Although similarity scores were always computed separately for each timepoint in a route (24 timepoints per route), we report many of the analyses as a function of route segment (same, early-similar, late-similar, different) instead of route timepoint. In these cases, we simply averaged similarity scores across the timepoints within each segment (e.g., an average of the 6 similarity scores within the same segment).

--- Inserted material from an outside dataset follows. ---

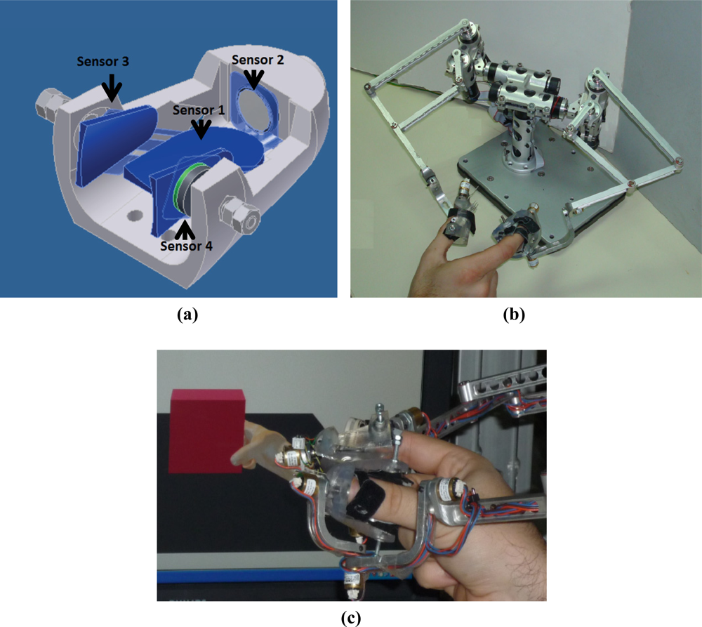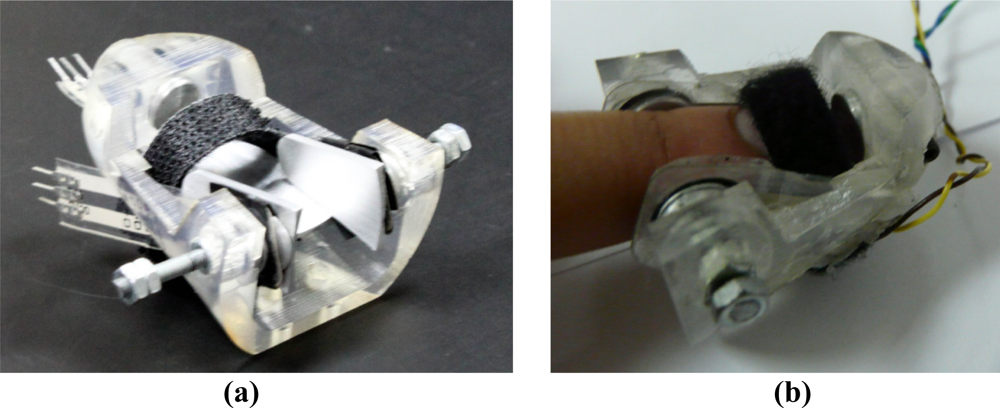 The thimble includes four Flexiforce contact force sensors manufactured by Tekscan Inc. []. These sensors are used for estimating normal and tangential forces at the fingertip. Contact force sensors only provide the normal component force applied to its active area. Sensors are located in the thimble, thereby enabling the measurement of normal and tangential manipulation. Normal manipulation force is provided by the sensor located in the fingertip, as shown by the “Sensor 1” label in Figure 2. Three additional sensors are placed on the sides of the phalanx in order to estimate the tangential manipulation force. These sensors are labeled as “Sensor 2”, “Sensor 3”, and “Sensor 4” in Figure 2. This thimble is designed to fit a particular haptic device. Figure 2(b) shows how the thimble is attached to a two-finger haptic device called the MasterFinger-2 [] by means of a screw system.

Moment of Insight (MoI) analysis

Behavioral responses from Post-test 2 were used to identify the specific point in time at which participants were confident (‘90% sure’) about each route’s destination. We refer to this as the ‘moment of insight’ (MoI). For each participant, each route was tested 4 times in Post-test 2. For each pair of overlapping routes (8 total trials), we pooled all responses and defined the MoI as the range of these response (minimum to maximum, rounded to nearest whole numbers). The rationale for pooling across overlapping routes (as opposed to generating a separate MoI for each route) was that fMRI similarity scores for overlapping routes necessarily reflected the relative similarity or a pair of overlapping routes. Thus, it was preferable for the MoI to also be at the level of overlapping route pairs. All timepoints prior to the MoI are referred to as pre-MoI and all timepoints after the MoI are referred to as post-MoI. As with other analyses that were based on route segments (see above), similarity scores were first computed at individual timepoints and then similarity scores were averaged across all timepoints within the pre-MoI, MoI and post-MoI segments.